- Genre: Drama
- Starring: Takashi Sorimachi Kyōko Hasegawa Norito Yashima Ken Horiuchi
- Theme music composer: Ken Hirai
- Opening theme: Kimi wa Tomodachi
- Country of origin: Japan
- Original language: Japanese
- No. of episodes: 12

Production
- Producers: Hisao Ogura Motoko Kimura

Original release
- Network: Fuji TV
- Release: April 14 – June 29, 2004

= Wonderful Life (2004 TV series) =

Japanese drama series

Wonderful Life (ワンダフルライフ, Wandafuru Raifu) is a Japanese drama series aired in Japan on Fuji TV in 2004. It stars Takashi Sorimachi, Kyōko Hasegawa, Norito Yashima, and Ken Horiuchi.

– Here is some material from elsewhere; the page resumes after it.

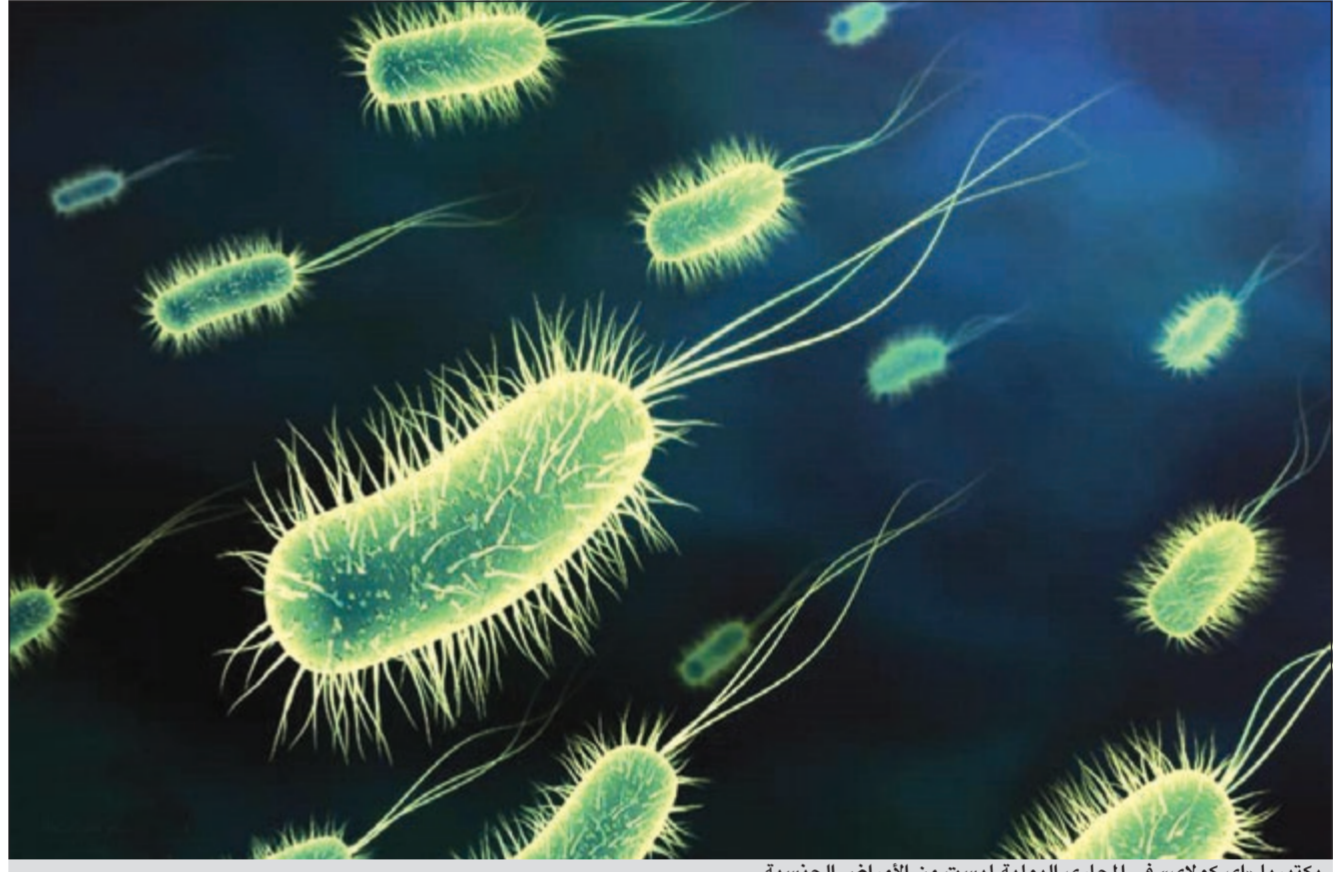
بكتيريا «إي كولاي» في المجاري البولية ليست من الأمراض الجنسية

كان التهاب يأخذ المريض مضادا حيويا وإذا كان ضيقا تجري له توسعا وإذا كان السبب صمام، يتم علاجه.

Akira Kirishima, played by Takashi Sorimachi, is the most famous baseball player in Japan. He is forced to retire early due to injuries. His family abandons him and he decides to spend his time coaching at a local young boys baseball team. The team is verging disbandment because they had not won one single game.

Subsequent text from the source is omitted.